Does anyone know the logic of how the device id should be passed to DDP? In all examples it is multi-GPU, in my case, it is two hosts,s, and each host with a single GPU.

I keep hitting some sort of bug
File “/usr/local/lib/python3.10/dist-packages/torch/nn/parallel/_functions.py”, line 123, in _get_stream
if _streams[device] is None:

Here is how master and work are initialized.

Master
world_size 2 since its two hosts and host 1 GPU

torch.distributed.init_process_group(
backend=self.trainer_spec.get_backend(),
init_method=self.trainer_spec.dist_url(),
world_size=2
rank=0)

Worker
torch.distributed.init_process_group(
backend=self.trainer_spec.get_backend(),
init_method=self.trainer_spec.dist_url(),
world_size=2
rank=1)

master
dev = torch.device(“cuda” if torch.cuda.is_available() else “cpu”)
model = DDP(model, device_ids=[0], output_device=0).to(dev)

worker
dev = torch.device(“cuda” if torch.cuda.is_available() else “cpu”)
model = DDP(model, device_ids=[0], output_device=0).to(dev)

model on GPU.

I enabled NCLL debug.
gpu10:5174:5174 [0] misc/ibvwrap.cc:63 NCCL WARN Failed to open libibverbs.so[.1]
gpu10:5174:5174 [0] NCCL INFO NET/Socket : Using [0]eth0:172.16.80.231<0>
gpu10:5174:5174 [0] NCCL INFO Using network Socket
gpu10:5174:5204 [0] NCCL INFO Trees [0] -1/-1/-1->1->0 [1] 0/-1/-1->1->-1
gpu10:5174:5204 [0] NCCL INFO Channel 00 : 0[b000] → 1[6000] [receive] via NET/Socket/0
gpu10:5174:5204 [0] NCCL INFO Channel 01 : 0[b000] → 1[6000] [receive] via NET/Socket/0
gpu10:5174:5204 [0] NCCL INFO Channel 00 : 1[6000] → 0[b000] [send] via NET/Socket/0
gpu10:5174:5204 [0] NCCL INFO Channel 01 : 1[6000] → 0[b000] [send] via NET/Socket/0
gpu10:5174:5204 [0] NCCL INFO Connected all rings
gpu10:5174:5204 [0] NCCL INFO Connected all trees
gpu10:5174:5204 [0] NCCL INFO threadThresholds 8/8/64 | 16/8/64 | 8/8/512
gpu10:5174:5204 [0] NCCL INFO 2 coll channels, 2 p2p channels, 1 p2p channels per peer
gpu10:5174:5204 [0] NCCL INFO comm 0x7f1330002fc0 rank 1 nranks 2 cudaDev 0 busId 6000 - Init COMPLETE

It looks to me that distribute.py track id by internal torch ID while DDP accepts deves_id that must rank. So the logic is somewhere broken.

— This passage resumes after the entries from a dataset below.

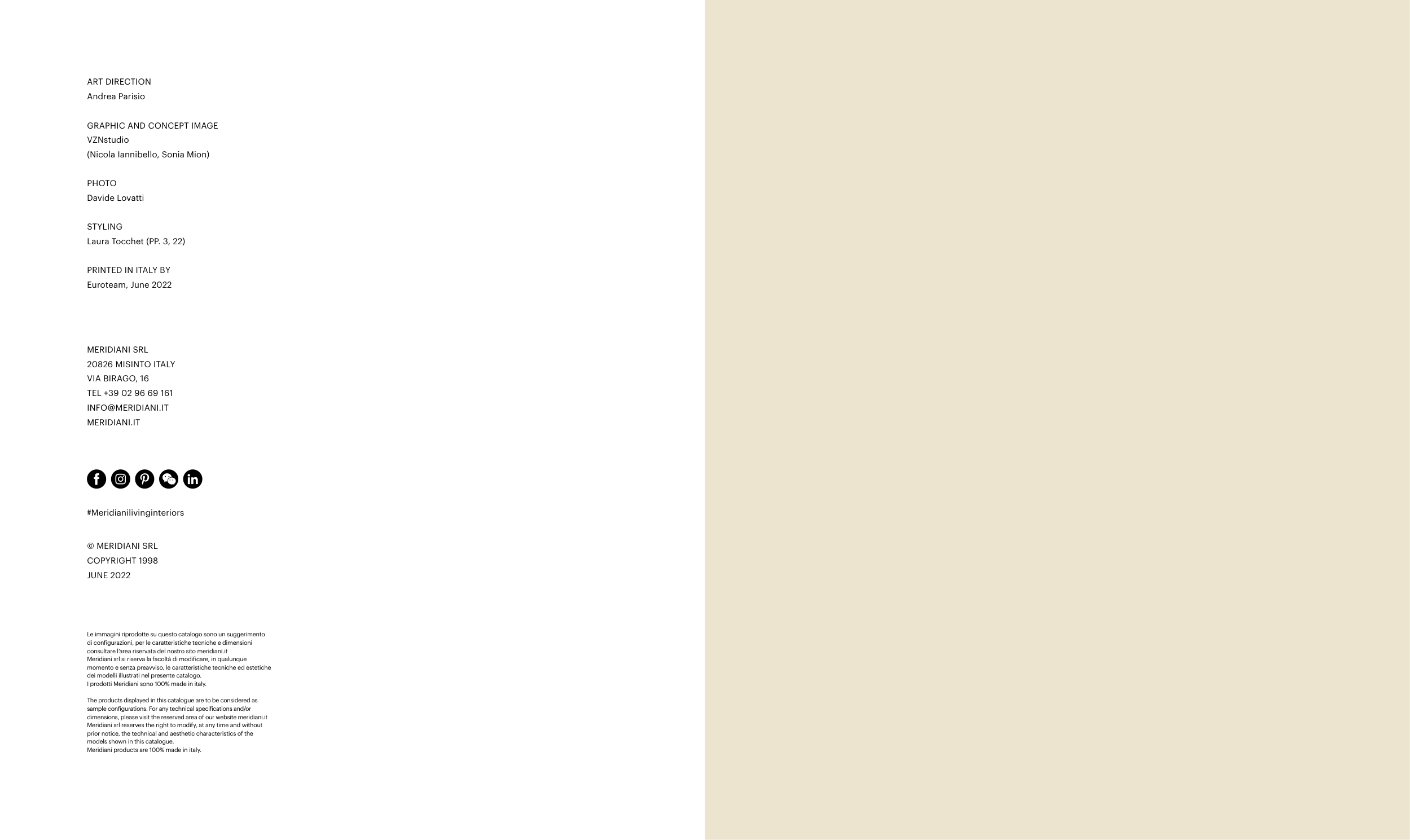 Meridiani srl reserves the right to modify, at any time and without
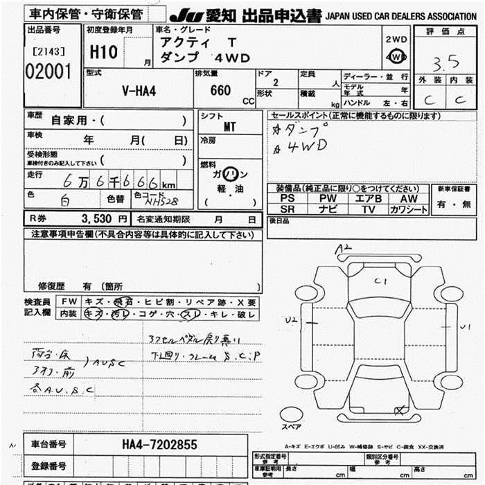HONDA ACTY TRUCK 1998 г., лот № 2001
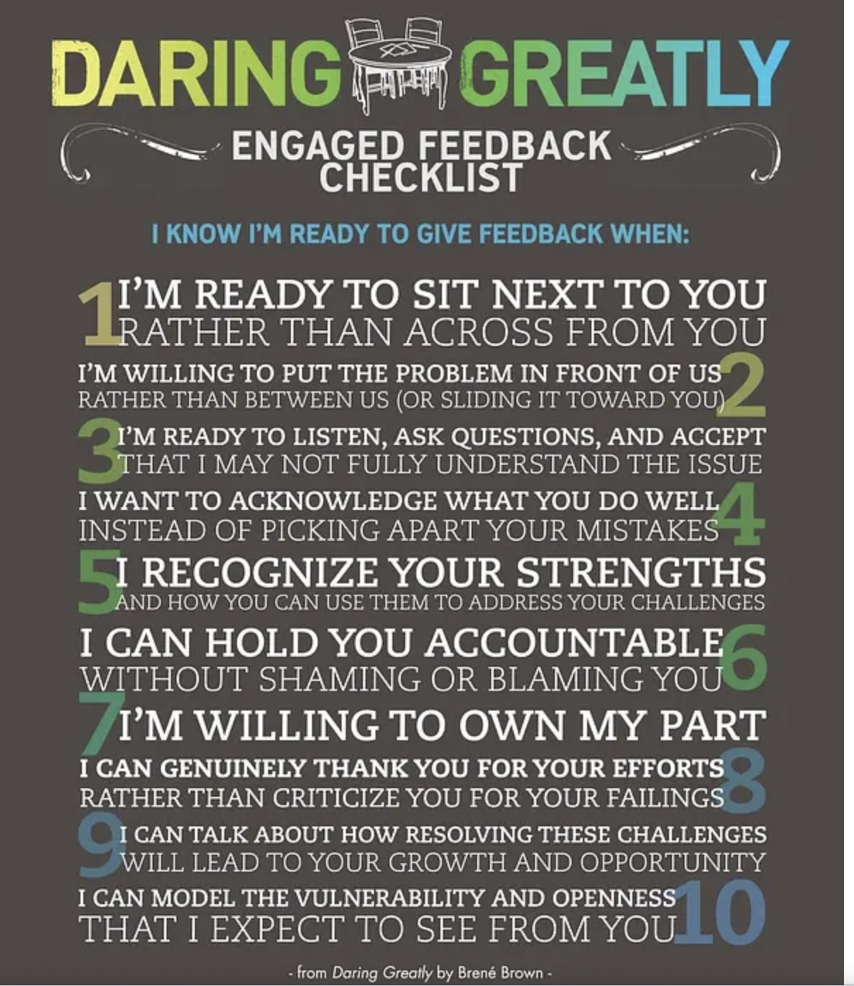 有很多朋友问,情侣之间也好,夫妻之间也好,该怎么吵架才不会伤感情。刚刚结束的女性团体小组里,她们也问过相似的问题,在亲密关系中,该如何平和的沟通而不产生如此巨大的冲突,甚至情绪崩溃。小组活动的时候,就让我的组员们练习如何沟通,一方去听,一方去表达。双方都发现,用我教他们的坚定而温柔的方法表达,听者很难发火刁难表达方,而表达方也不会恣意发泄自己的情绪而无法真正表达自己的需求。是不是感觉,即使是最亲密的彼此,都很少,全情投入沟通,常常是相互指责,希冀对方改变?那么今天,我们不如回归到自己,看看以下哪些我们可以从今天开始做起,全情投入地表达及反馈给我们重要的对方。去年回国的时候,顺手就将Brene Brown的脆弱的力量带上飞机读。Brene在她的几本书里都大胆地提到了,展现我们的脆弱的一面,在安全的环境下反而是能够增加我们的心理弹性,也即我们的心理健康恢复能力。以下,就摘取,她在书中提及的,亲密关系也好,朋友也好,工作关系也好,我们在关系中,如何进行反馈,可以进行表达的方式,在她眼里,这十条叫做全然投入的反馈方式。
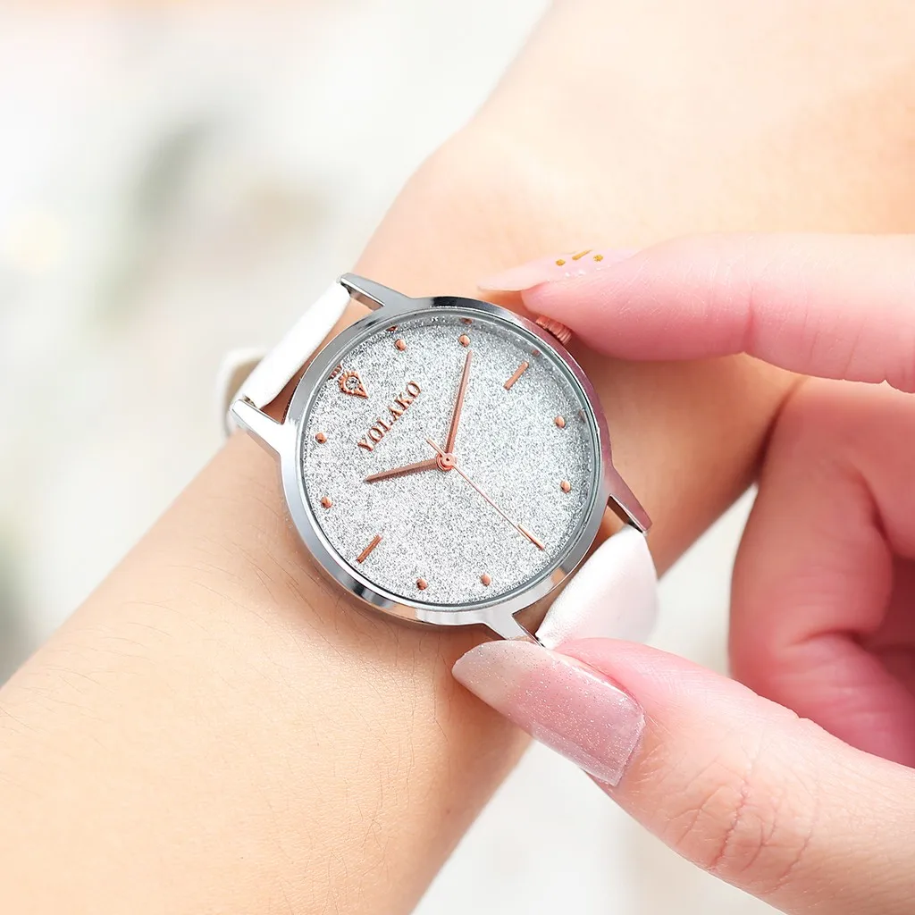 Top Brand Women Watches Scrub Dial Ladies Quartz Wristwatch Rhinestone Leather Strap Fashion Clock High Quality Kol Saati Product selling point: Selected metal stainless steel mesh belt, durable, no fading Simple dial, low-key luxury and practical, let you enjoy The surface of the matte gold powder makes your wrist look...
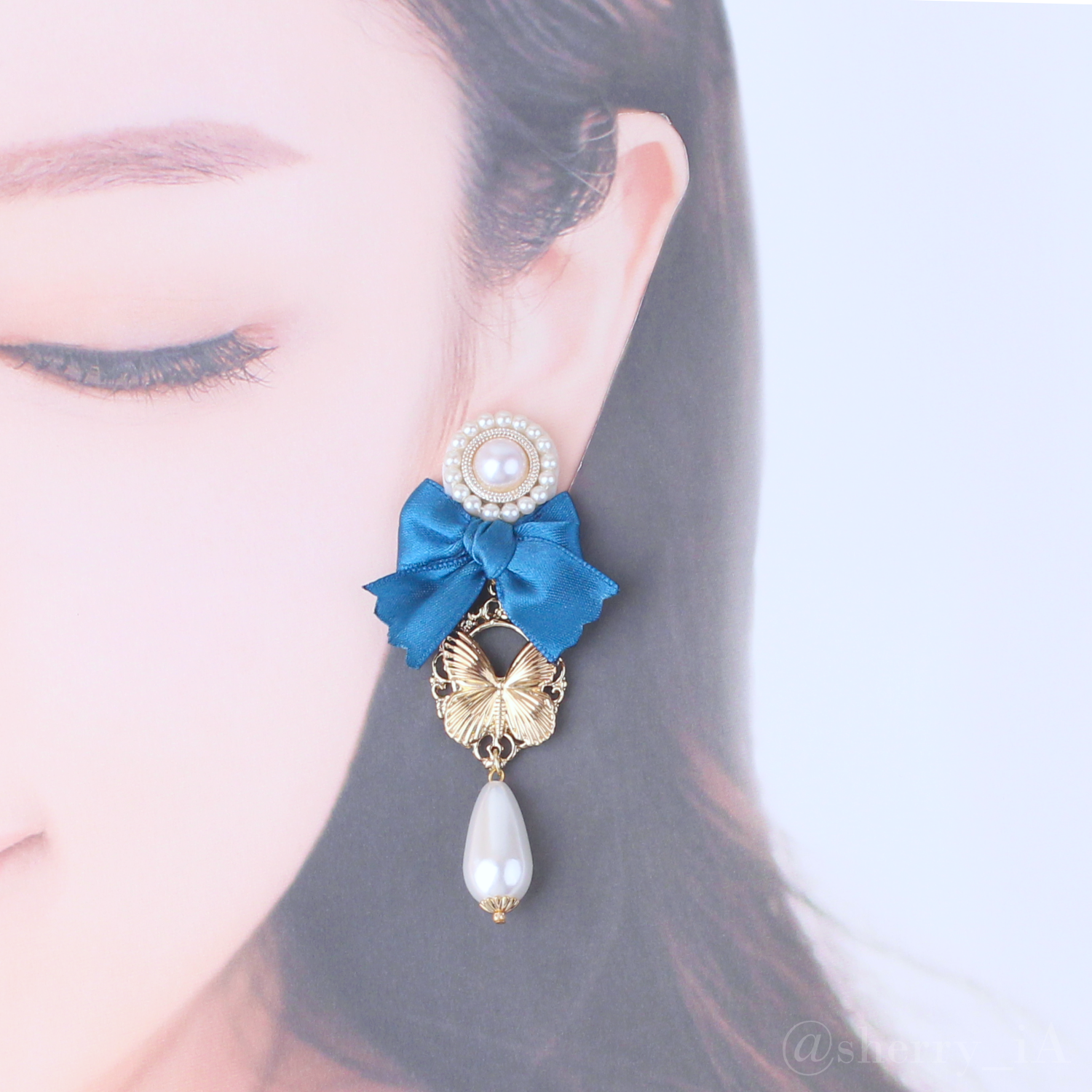 シンプルでありながら蝶の煌めきを纏えるクラシカルな耳飾りが完成しました!
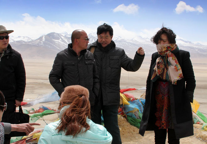 越野车上,坐着湖北省委统战部海外中心主任朱正明,沈阳德源集团董事长崔玉晶,北京中建建筑设计院沈阳分院院长洪常锁,沈阳新型建筑材料制造有限公司总经理李春福,画家、雕刻家、中建沈阳分公司艺术总监张雪松,西藏定日县委常委、宣传部长何贤江等。
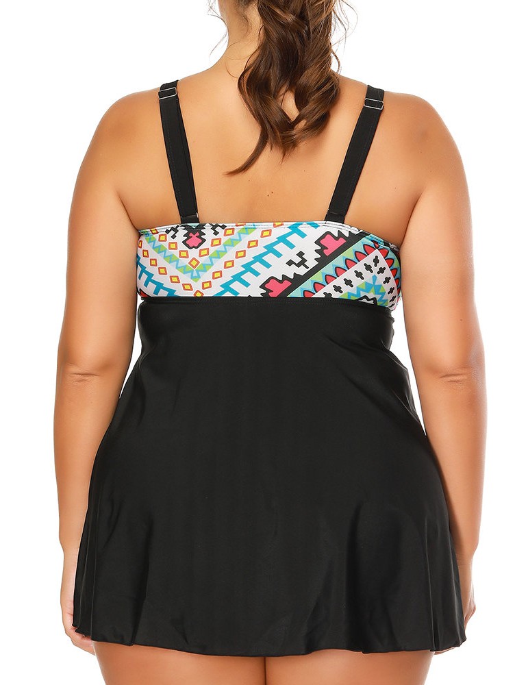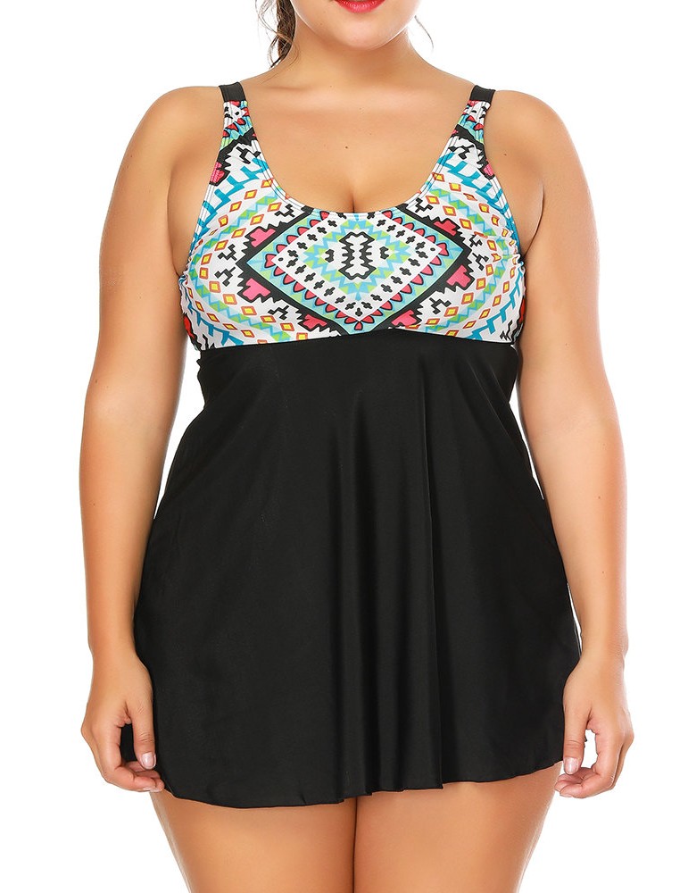 Geometric Printed Two Piece Sexy Swimdress For Women
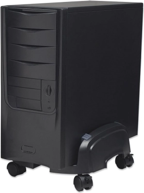 Hold din stationære computer beskyttet og altid inden for rækkevidde. Dette sorte underlag med hjul løfter PC-kabinettet fra gulvet, beskytter mod støv og utilsigtet spild, og forbedrer samtidig luftgennemstrømningen. Den justerbare bredde 155–255 mm passer til de fleste computerkabinetter.
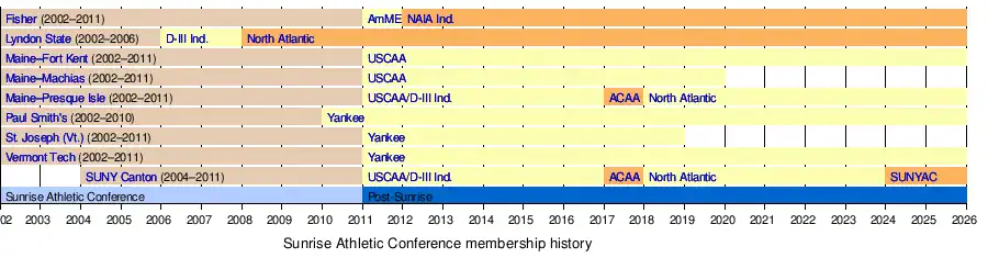 - 2011 – The Sunrise would cease operations as an athletic conference after the 2010–11 academic year; as many schools left to join their respective new home primary conferences, beginning the 2011–12 academic year: Fisher to join the American Mideast Conference, while the rest would leave the NAIA and join the USCAA: St. Joseph, Vermont Tech (now Vermont State–Lyndon), Maine–Machias to join the YSCC; and Maine–Fort Kent, Maine–Presque Isle and SUNY Canton to join as USCAA Independents (the latter two are either accepted or in the process into transition from the NAIA to NCAA Division III).
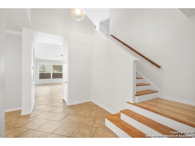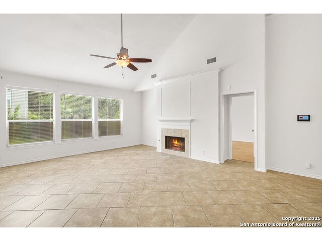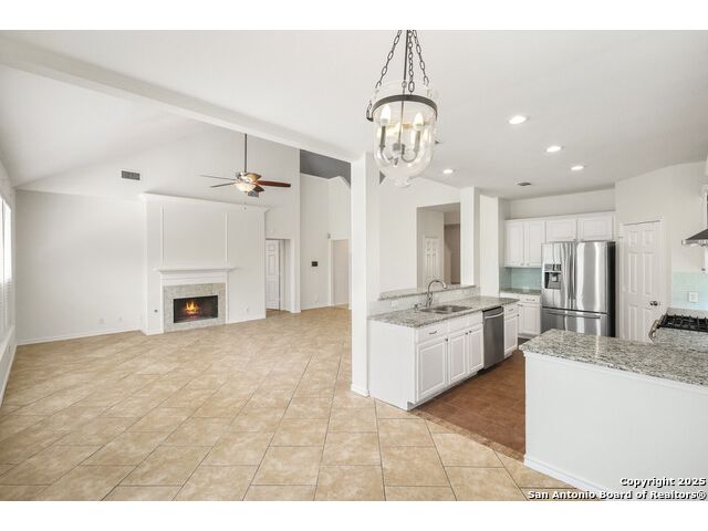Graceful Home Near UTSA, Six Flags, Medical Center & La Cantera! Welcome to this beautifully maintained home in established neighborhood known for its mature trees, walkable sidewalks, and community amenities including a pool, park, BBQ/Picnic area, clubhouse, and basketball court. This pristine home offers thoughtful upgrades such as: -Smart Home Technology Features -Impressive 19' High Ceilings -Stylish kitchen upgrade -Eatery kitchen bar -Painted interior & exterior, -Fireplace -Upgraded bathrooms -Large Windows This open and inviting layout includes Foyer entryway with sky-high ceilings, Formal living area and formal dining area Spacious family room, and breakfast nook. Tile and hardwood flooring throughout - no carpet. Upstairs loft/den with potential to enclose as a 5th bedroom. Walk-in closets in most bedrooms. The exterior is equally appealing with manicured landscaping, roof gutters, and a spacious front porch enhanced with stylish patio tile for a warm welcome. Big backyard for entertaining and equally quite for relaxing. This move-in ready home offers comfort, style, and flexibility in a prime location near top attractions and shopping.
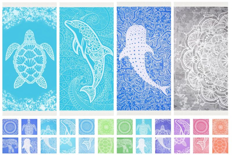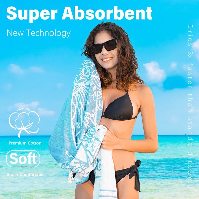 Paquete de 4 toallas de playa turcas de secado rápido, absorbentes, 10% algodón, ligeras y delgadas,

Spent a day so far no result.

pritamdamania87 · May 24, 2022, 5:33pm

Could you share the full stack trace and the error message you are running into? It is not clear from this stack what was the actual error that caused your script to fail.

spyroot · June 2, 2022, 5:04am

Hi,

It looks like some of the variables read only for os.env down the line. So somewhere in torch or maybe NCCL read local rank variable.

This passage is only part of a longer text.